Provided information:

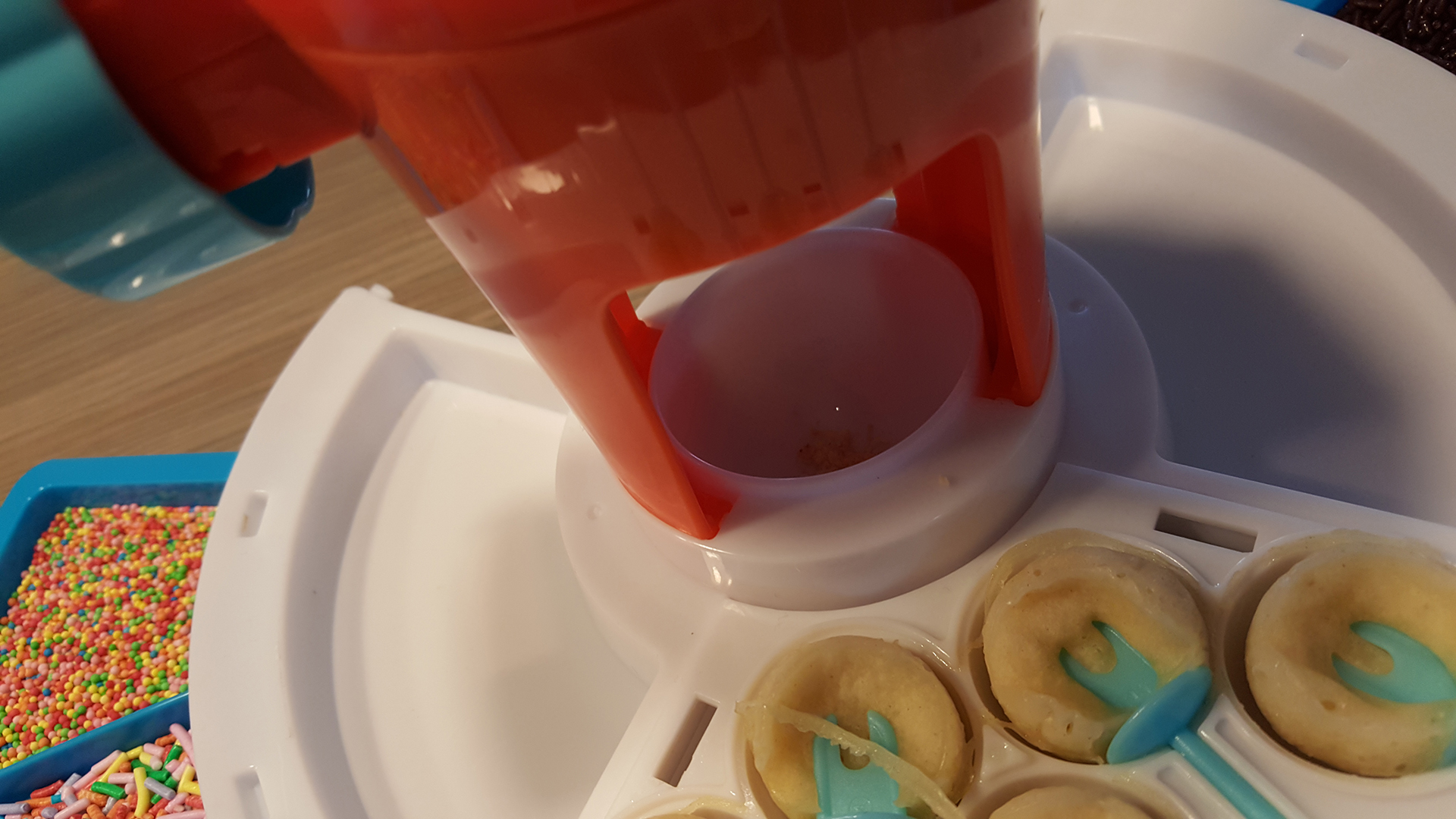 De handleiding biedt veel ondersteuning met foto’s en korte teksten. Het recept om de cakepops te maken is op basis van pannenkoekenbeslag. Jammer dat de handleiding gebruik maakt van een verhouding in ml en cups. De cup is tussen Amerika en Engeland zeer variabel, dus is het gokken hoe dik het beslag moet zijn. Ik kan je vertellen, vrij dik. Via een injectiespuit is het beslag gemakkelijk in de vormpjes te spuiten.
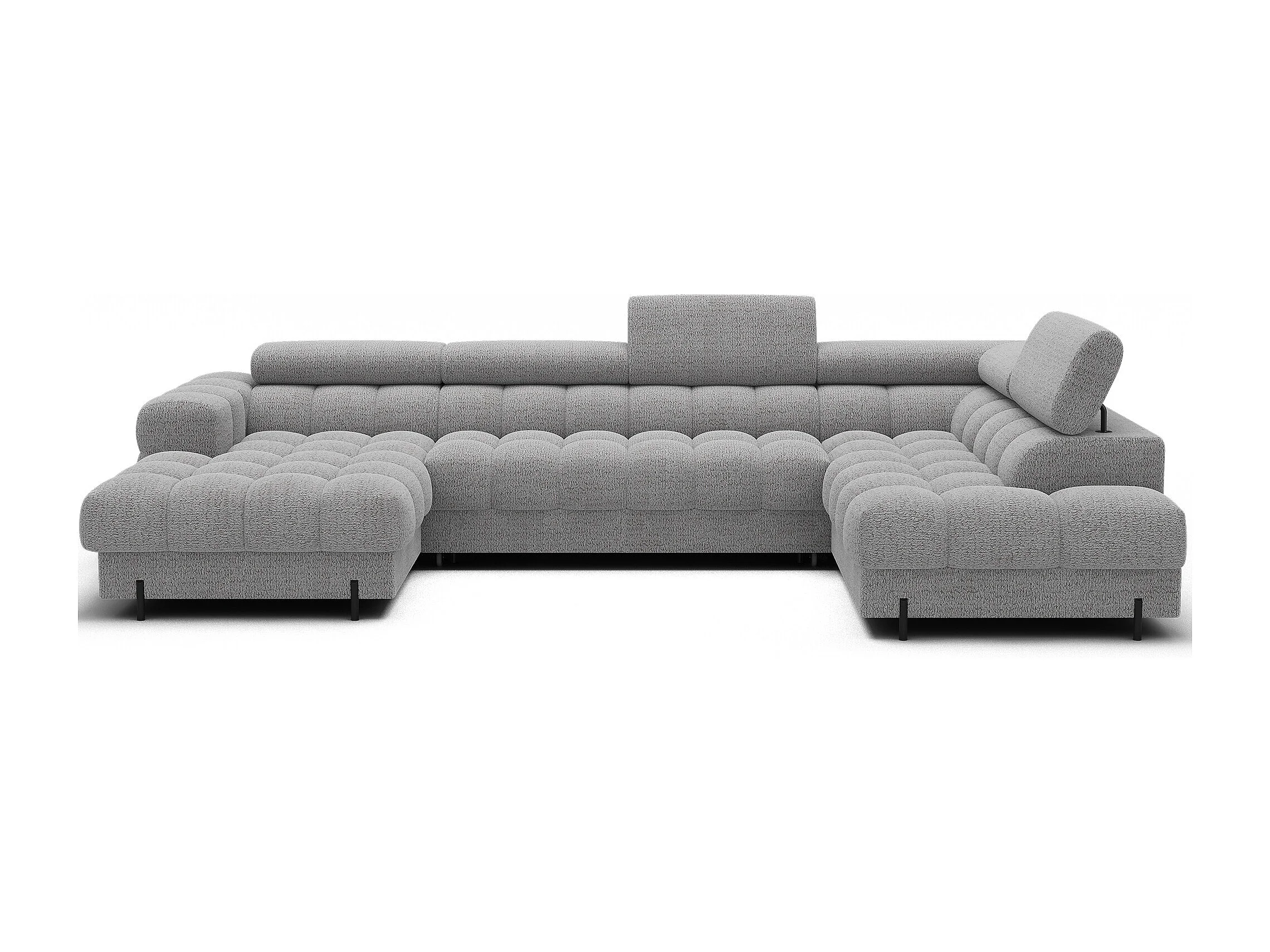 Grand canapé panoramique avec têtières réglables tissu FUZIAN – Fonction lit-Gris clair chiné-Coffre à gauche
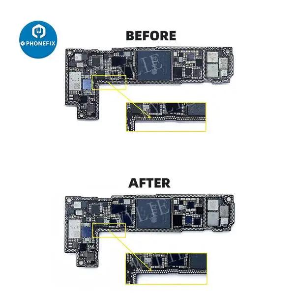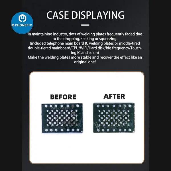 Rip off the covering layer.And repair your welding plates right now! In maintaining industry, dots of welding plates frequently faded due to the dropping, shaking or squeezing. (included telephone main board IC welding plates or middle-tired double-tiered Motherboard/CPU/WIFI/Hard disk/big frequency/Touching IC and so on) Make the welding plates more stable and recover the effect like an original one!
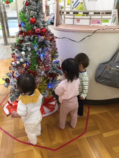 クリスマスの制作を窓に飾ったり、玄関にあるツリーをみたりしながらいつもと違う雰囲気を感じるひなぎく組さん。
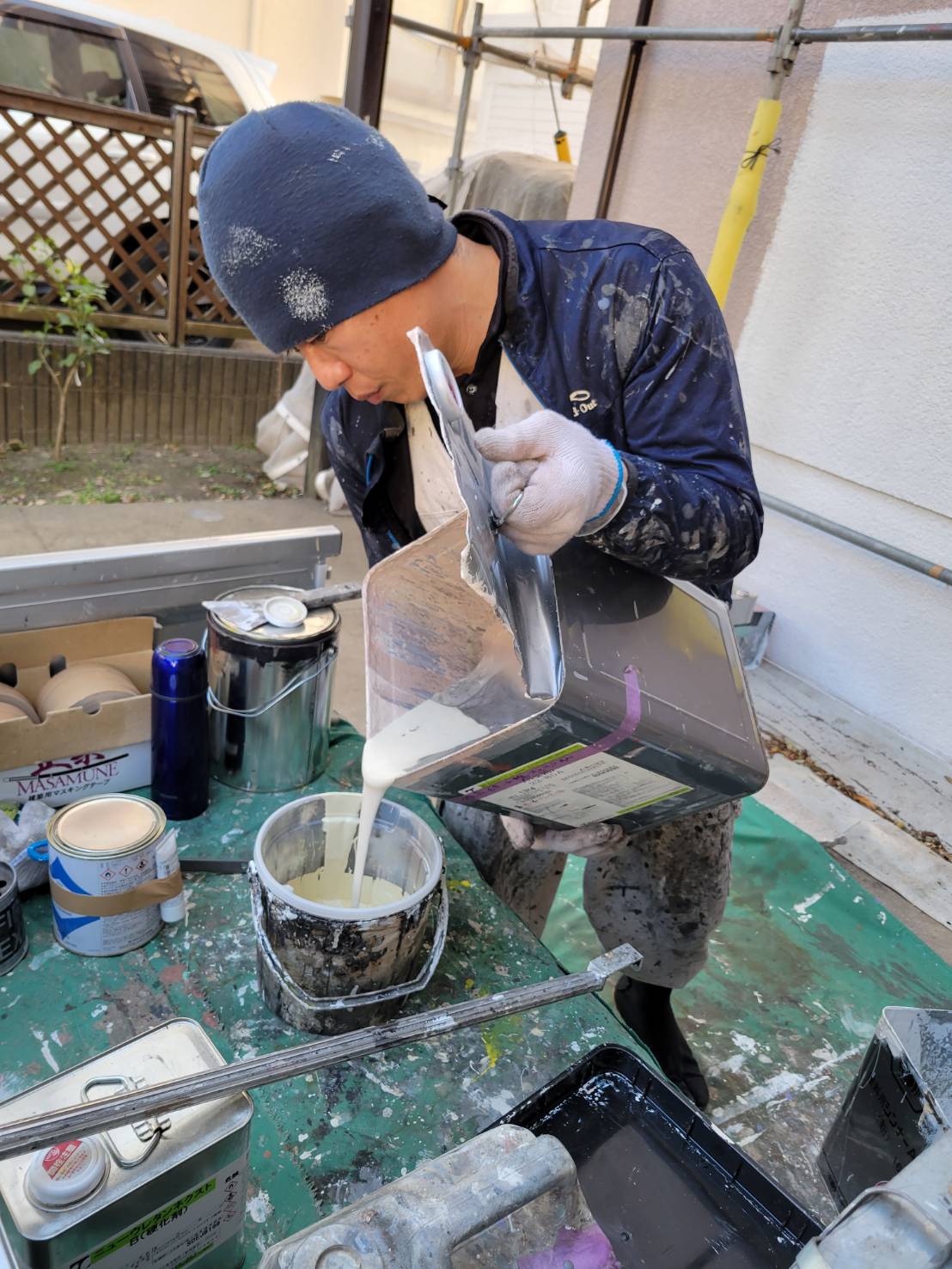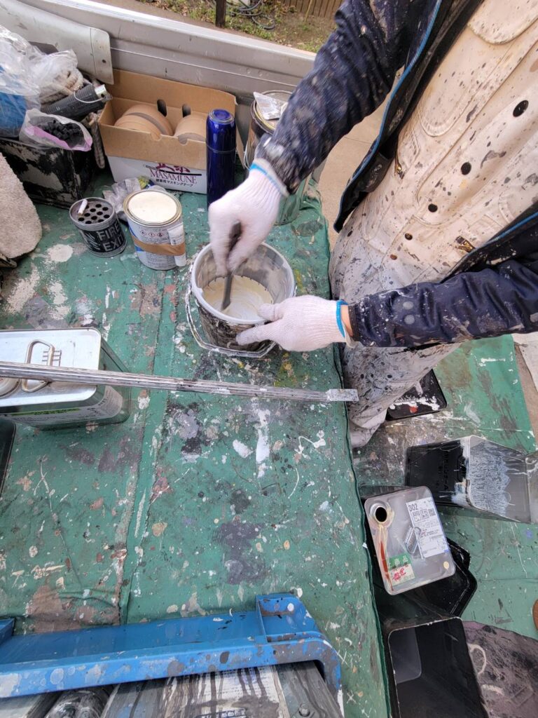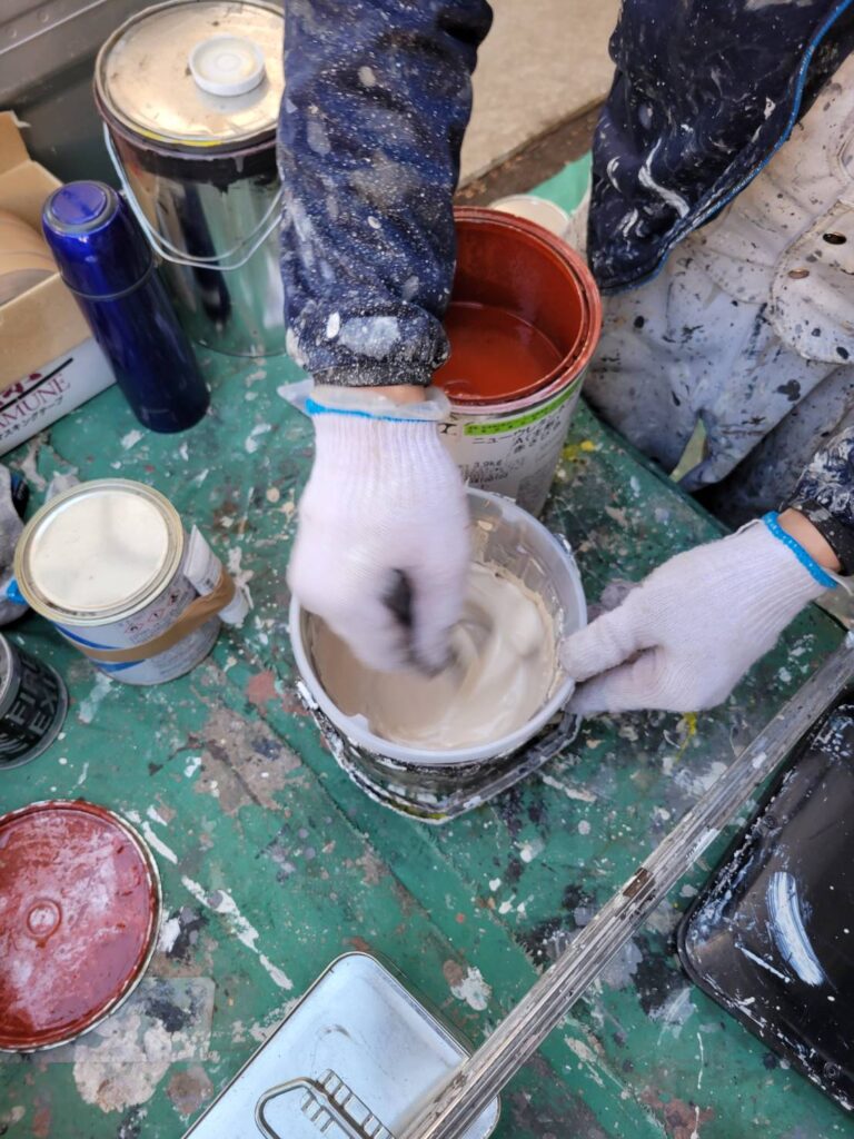 本来であれば材料を発注してからの施工になりますが、まずは手持ちの塗料を使い、色見本と照らし合わせながら色をつくっていきます!
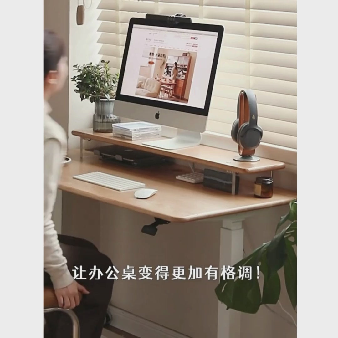 Solid Rubberwood, Oak Solid Wood Desktop Computer Heightening Stand
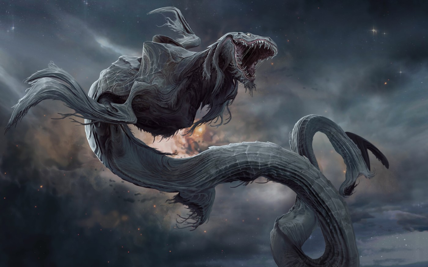 Hilt Stalkers are long, wispy snake-like creatures with loose, shredded, grey fabric-like skin. They can grow anywhere from 13 to 24 feet, with the largest species exceeding hundreds of feet long. Wide, fanged jaws and beady, functionless eyes create a shadowy visage, reminiscent of that of a deep-sea eel.
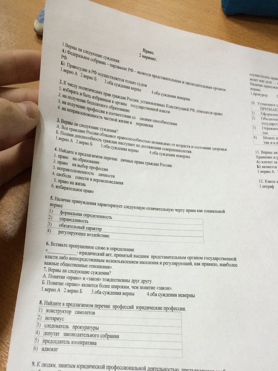 Помогите решить обществознание 7 класса тема право
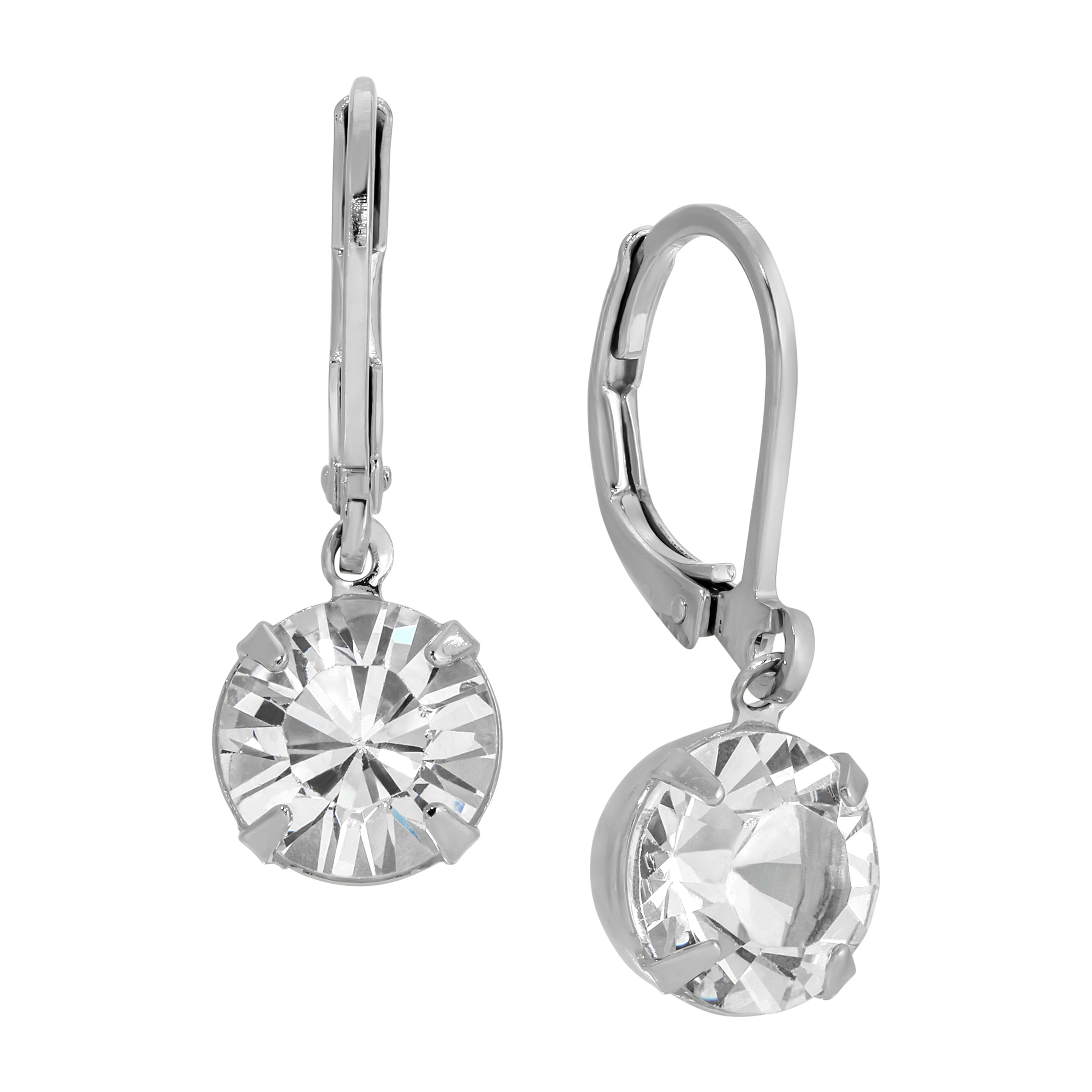 Brilliantly polished Austrian crystals catch the light with every movement, creating a radiant sparkle that draws the eye. The sleek silver-tone lever back design offers both comfort and a secure fit, making them perfect for day-to-night wear. A classic round-cut stone setting adds refined sophistication to any outfit.
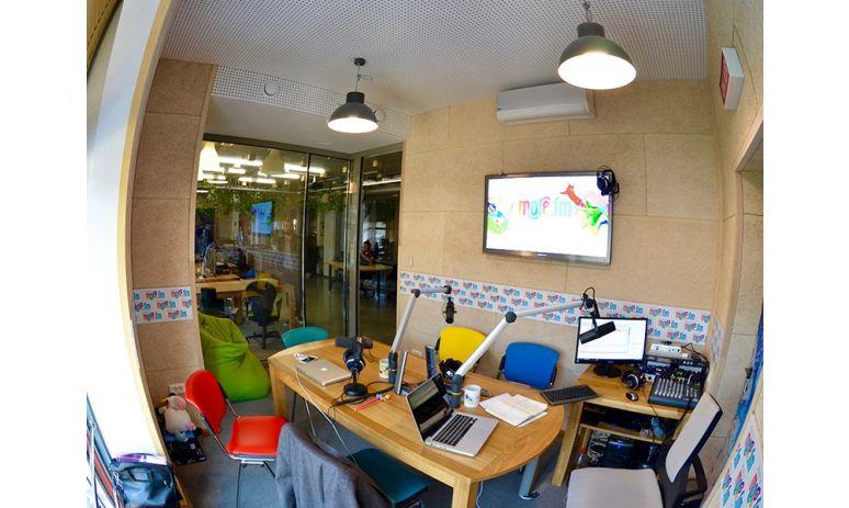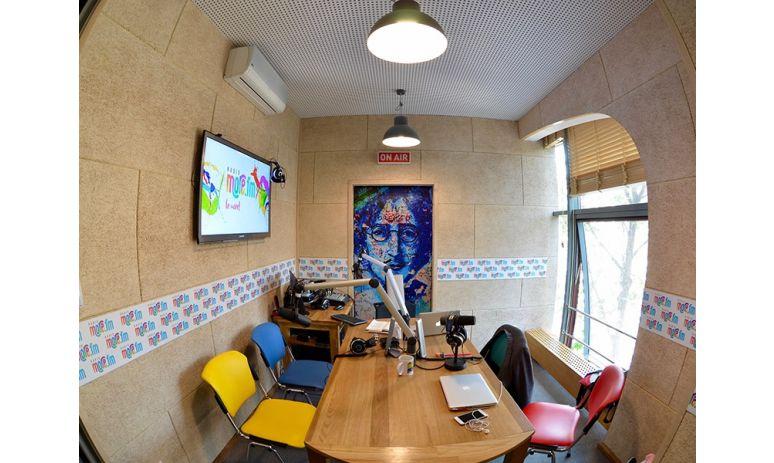 Приміщення студії влаштовано в коворкінг-центрі. Крім акустичної корекції приміщення також постало завдання влаштування звукоізоляційній скляної перегородки.
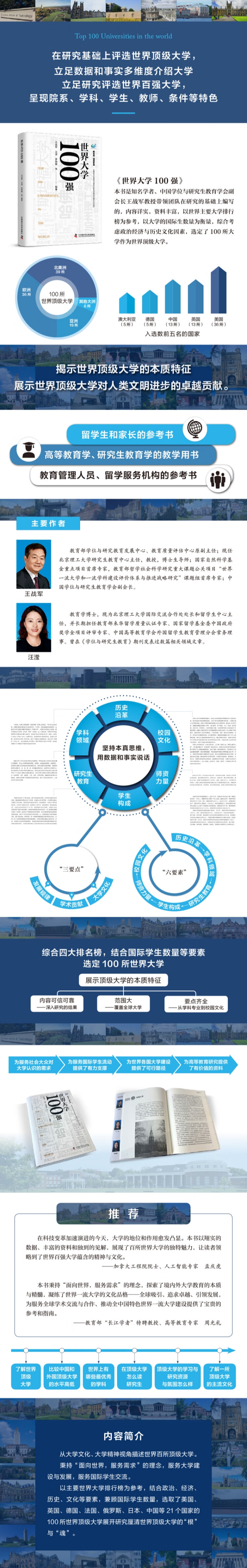 《世界大学100强》是知名学者、中国学位与研究生教育学会副会长王战军教授带领团队在研究的基础上编写的,是以世界主要大学排行榜为参考,以大学的国际生数量为衡量,综合考虑政治经济与历史文化因素,选定了100所大学作为世界顶级大学。其中,北美洲39所、欧洲36所、亚洲19所、其他大洲6所;美国(36所)、英国(13所)、中国(13所)、德国(5所)、澳大利亚(5所)为入选数前三名的国家。

Task prompt: Retype the lines above exactly as they appear, from the line containing "本来であれば材料を発注してか" through the line containing "Brilliantly polished Austrian", and leave out any pictures.

Finished task:
 本来であれば材料を発注してからの施工になりますが、まずは手持ちの塗料を使い、色見本と照らし合わせながら色をつくっていきます!
 Solid Rubberwood, Oak Solid Wood Desktop Computer Heightening Stand
 Hilt Stalkers are long, wispy snake-like creatures with loose, shredded, grey fabric-like skin. They can grow anywhere from 13 to 24 feet, with the largest species exceeding hundreds of feet long. Wide, fanged jaws and beady, functionless eyes create a shadowy visage, reminiscent of that of a deep-sea eel.
 Помогите решить обществознание 7 класса тема право
 Brilliantly polished Austrian crystals catch the light with every movement, creating a radiant sparkle that draws the eye. The sleek silver-tone lever back design offers both comfort and a secure fit, making them perfect for day-to-night wear. A classic round-cut stone setting adds refined sophistication to any outfit.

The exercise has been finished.